Source: https://arxiv.org/pdf/2412.15605v1

In [9]:
from IPython.display import Markdown
import torch, transformers
from transformers import AutoTokenizer, AutoModelForCausalLM
from transformers.cache_utils import DynamicCache
import os

In [11]:
print(f"torch version: {torch.__version__}")
print(f"transformers version: {transformers.__version__}")

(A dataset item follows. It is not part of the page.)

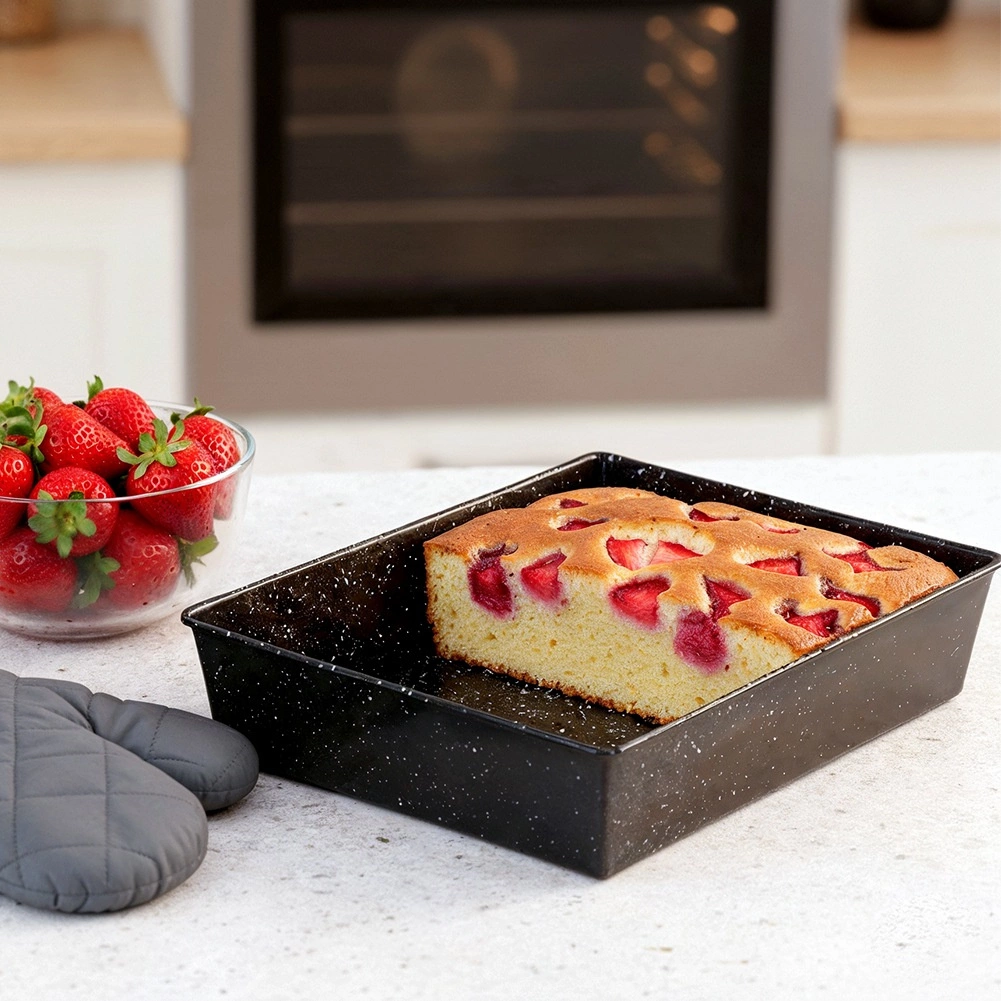 Formă de copt universală din granit, realizată din oțel carbon rezistent, pentru o coacere uniformă impecabilă. Datorită stratului antiaderent cu aspect granit, aluatul se desprinde ușor, iar forma se curăță simplu. Ideală pentru prăjituri, gratinuri, carne și legume, sigură la cuptor până la 230 °C.

torch version: 2.5.1+cu121
transformers version: 4.47.1


In [2]:
def generate(model, input_ids: torch.Tensor, past_key_values, max_new_tokens: int = 512) -> torch.Tensor:
    device = model.model.embed_tokens.weight.device
    origin_len = input_ids.shape[-1]
    input_ids = input_ids.to(device)
    output_ids = input_ids.clone()
    next_token = input_ids

    with torch.no_grad():
        for _ in range(max_new_tokens):
            out = model(
                input_ids=next_token,
                past_key_values=past_key_values,
                use_cache=True
            )
            logits = out.logits[:, -1, :]
            token = torch.argmax(logits, dim=-1, keepdim=True)
            output_ids = torch.cat([output_ids, token], dim=-1)
            past_key_values = out.past_key_values
            next_token = token.to(device)

            if model.config.eos_token_id is not None and token.item() == model.config.eos_token_id:
                break
    return output_ids[:, origin_len:]

In [3]:
torch.serialization.add_safe_globals([DynamicCache])
torch.serialization.add_safe_globals([set])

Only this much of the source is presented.